Function heatmapcell
is a function to draw clustered
heatmaps for the cells driven by a somatic mutation.
The commands
are as follows.
# load dependent package.
require(pheatmap)
#> Loading required package: pheatmap
# plot significant up-regulation or down-regulation cells heat map specific for breast cancer
heatmapcell(gene = "TP53",mutcell = mutcell,cellmatrix = cellmatrix,mutmatrix = mutmatrix)

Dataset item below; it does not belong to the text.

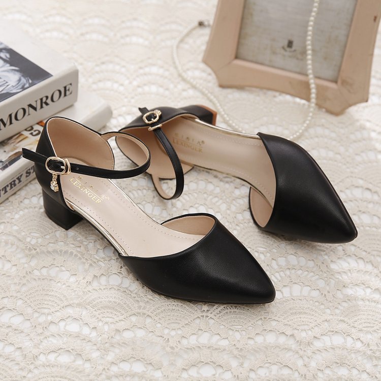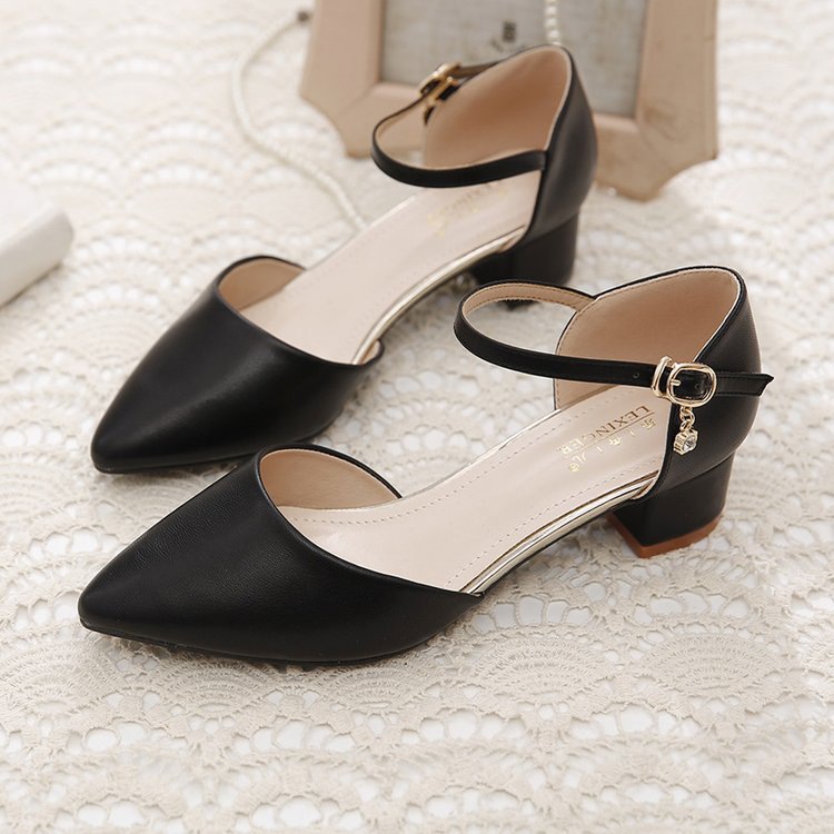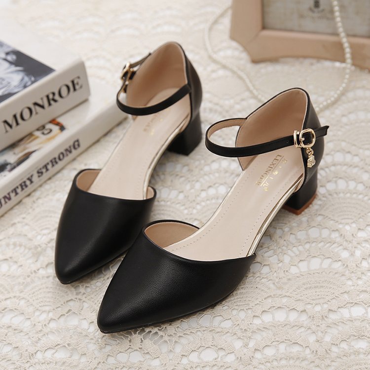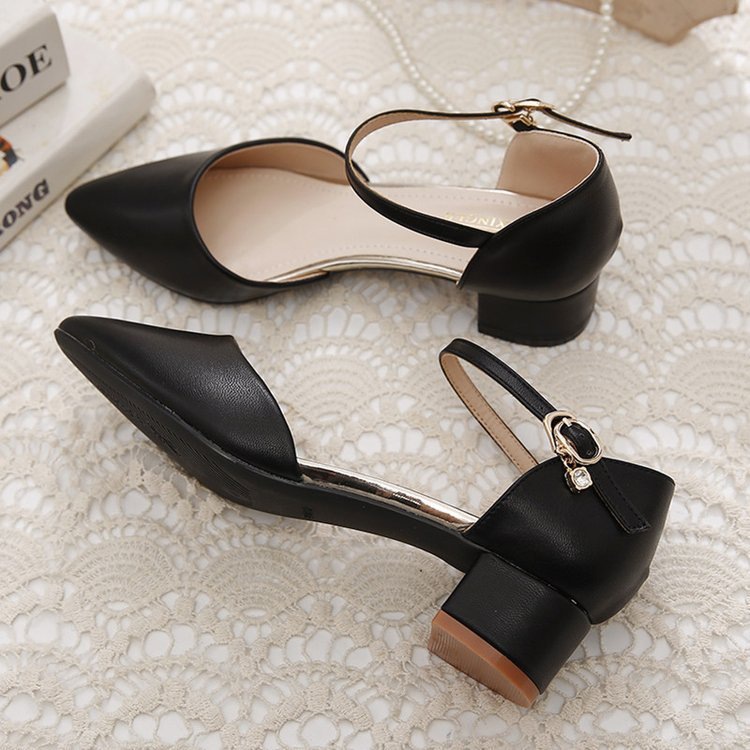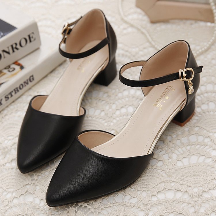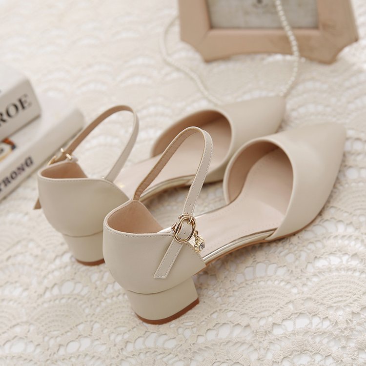 Baotou 샌들 여성 청키 힐 2025 봄과 여름 새로운 미드 힐 싱글 레이어 신발 올매치 포인팅 편안한 워킹 여성용 샌들
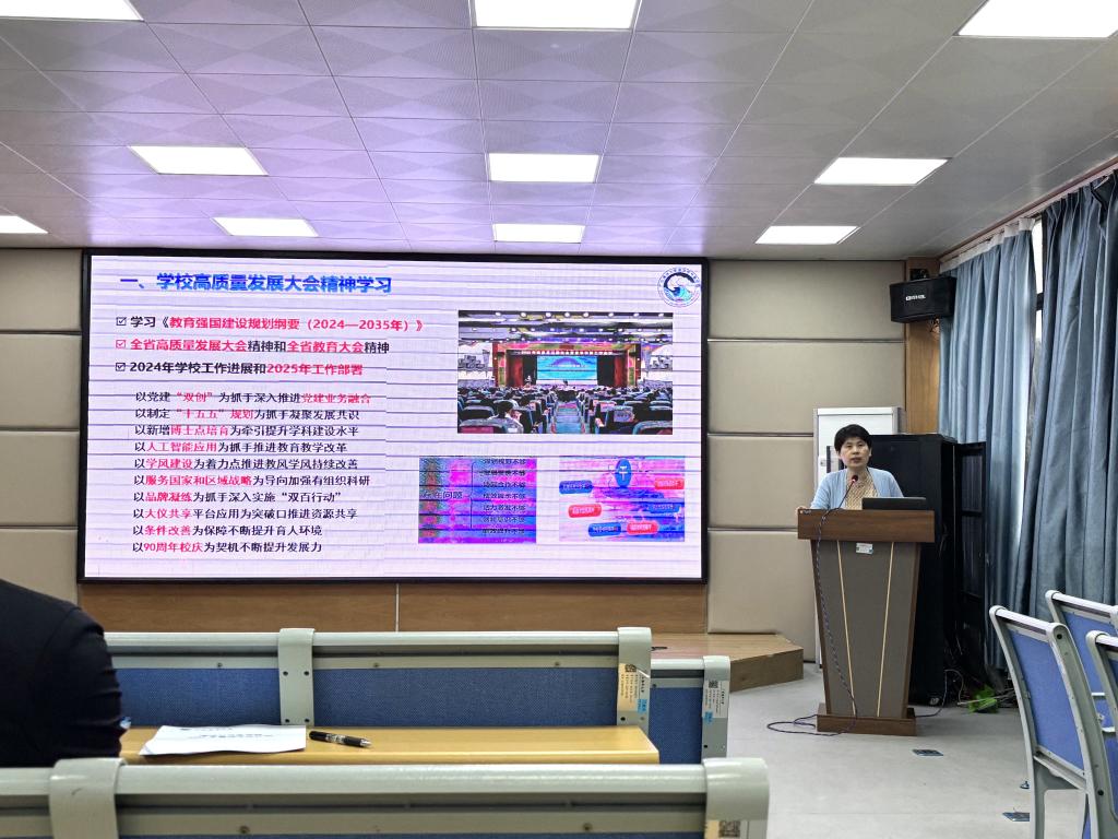 在海科楼107会议室召开了2025年高质量发展大会暨春季学期工作会议。学院全体教职工参加了会议,会议由院长谢玲玲主持。

We use the TCGA breast cancer sample data set to display the
waterfall and co-occurrence and mutual exclusivity plots, and users can
also enter the cancer data set they are interested in.
Function
plotwaterfall
and plotCoocMutex
provide
visualization of the mutation genes correlated with immune cells using a
waterfall plot and mutually exclusive or co-occurring plot.
The commands are as follows.
#maf<-"dir"
#tips: dir is the name of the mutation annotation file (MAF) format data. It must be an absolute path or the name relative to the current working directory.
#plot the waterfall for mutation genes which drive immune cells
#plotwaterfall(maffile = maf,mutcell.summary = summary,cellnumcuoff =4)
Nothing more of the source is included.